Easy cornbread muffins just made cooking a whole lot easier and tastier! These moist and fluffy muffins are made with cornmeal, cooked corn kernels, and sweetened with honey for a burst of flavor in every bite.

INGREDIENTS

  • 3/4 cup cornmeal (or polenta)
  • 1 and 1/4 cup all-purpose flour
  • 1/3 cup granulated sugar
  • 1 tablespoon baking powder
  • 1/2 teaspoon salt
  • 3/4 cup milk
  • 3/4 cup cooked corn kernels (I used canned corn)
  • 1/2 cup butter, melted and cooled
  • 2 eggs
  • 2 tablespoons honey

INSTRUCTIONS

  1. Preheat oven to 350 F. Grease a 12-cup muffin tray with non-stick cooking spray or line with paper liners.
  2. Combine cornmeal, flour, sugar, baking powder and salt together in a large bowl and mix to combine.
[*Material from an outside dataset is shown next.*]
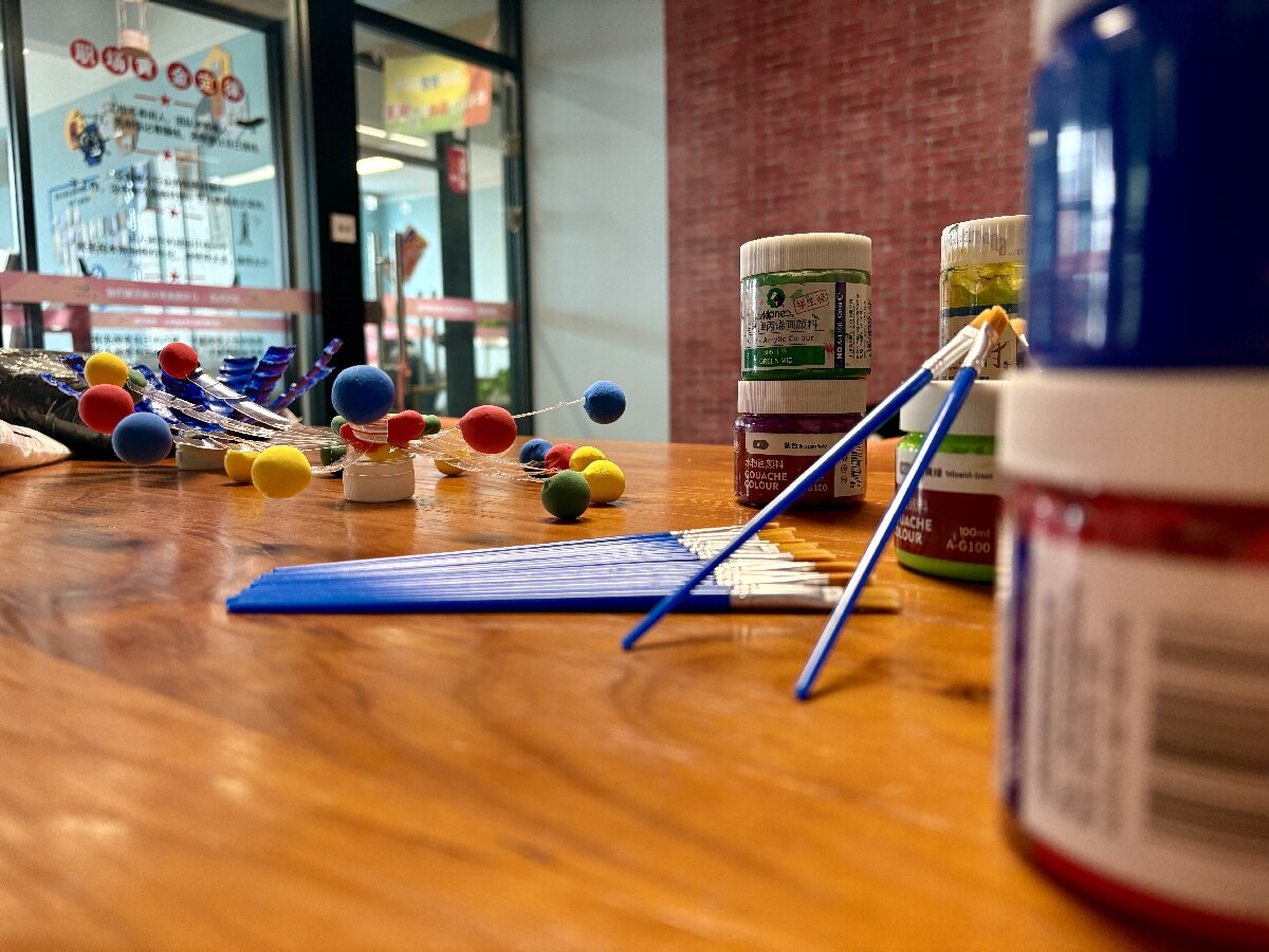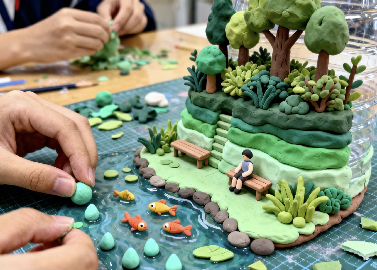 塑料瓶改造的最后一笔颜料晾干时,粘土创作随即接棒,将生态构想从抽象概念落地为具象模型。水生态模块中,小块粘土先被搓成圆润水滴,再与扁形粘土捏合的小鱼精准贴合,生动模拟出“水与生物”的共生关系,直观呈现校园水系生态的基础构成;植被层级模块则严格遵循自然比例,用浅绿粘土贴附出底层 “地被植物”,深绿粘土塑形中层“灌木”,最后以少量粘土点缀顶层“乔木”,完整复刻校园本土植物群落的垂直结构;人文互动模块由队员魏语函主导创作,她将长条粘土搓压成迷你“休憩座椅”,巧妙嵌入模型场景,既丰富了生态场景的实用性,也体现了“人与自然和谐共处”的设计理念。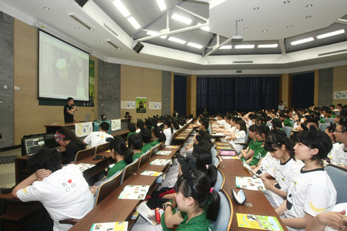 活动当天,所有参与活动的同学都身着根与芽与亚洲动物基金赠送的文化衫。活动开场,身穿可爱月熊服装的高三学长来到场内与同学们进行亲密互动;亚洲动物基金会高级教育主管Jacky向同学们讲述了亚洲动物基金保护黑熊的故事和经历,并带领同学们当场制作了月熊玩具。同学们做成的新颖玩具以及全校师生抵制熊胆制品的签名都赠送给了根与芽北京办公室。

Set aside.
  3. In another bowl, combine milk, corn, butter, eggs, and honey and whisk together until mixed.
  4. Pour wet ingredients into dry mixture and mix until just combined.
  5. Spoon batter into 12-cup muffin tray, and fill up each compartment 3/4 full.
  6. Bake for 20 minutes. Let cool for 5-10 minutes and serve warm with butter or honey drizzled on top.

NOTES

  • You can store these cornbread muffins for up to 4 days in an airtight container in the refrigerator.
  • You can also freeze these cornbread muffins for up to 3 months in an airtight container. Thaw for a few hours to room temperature before heating up in the oven or microwave.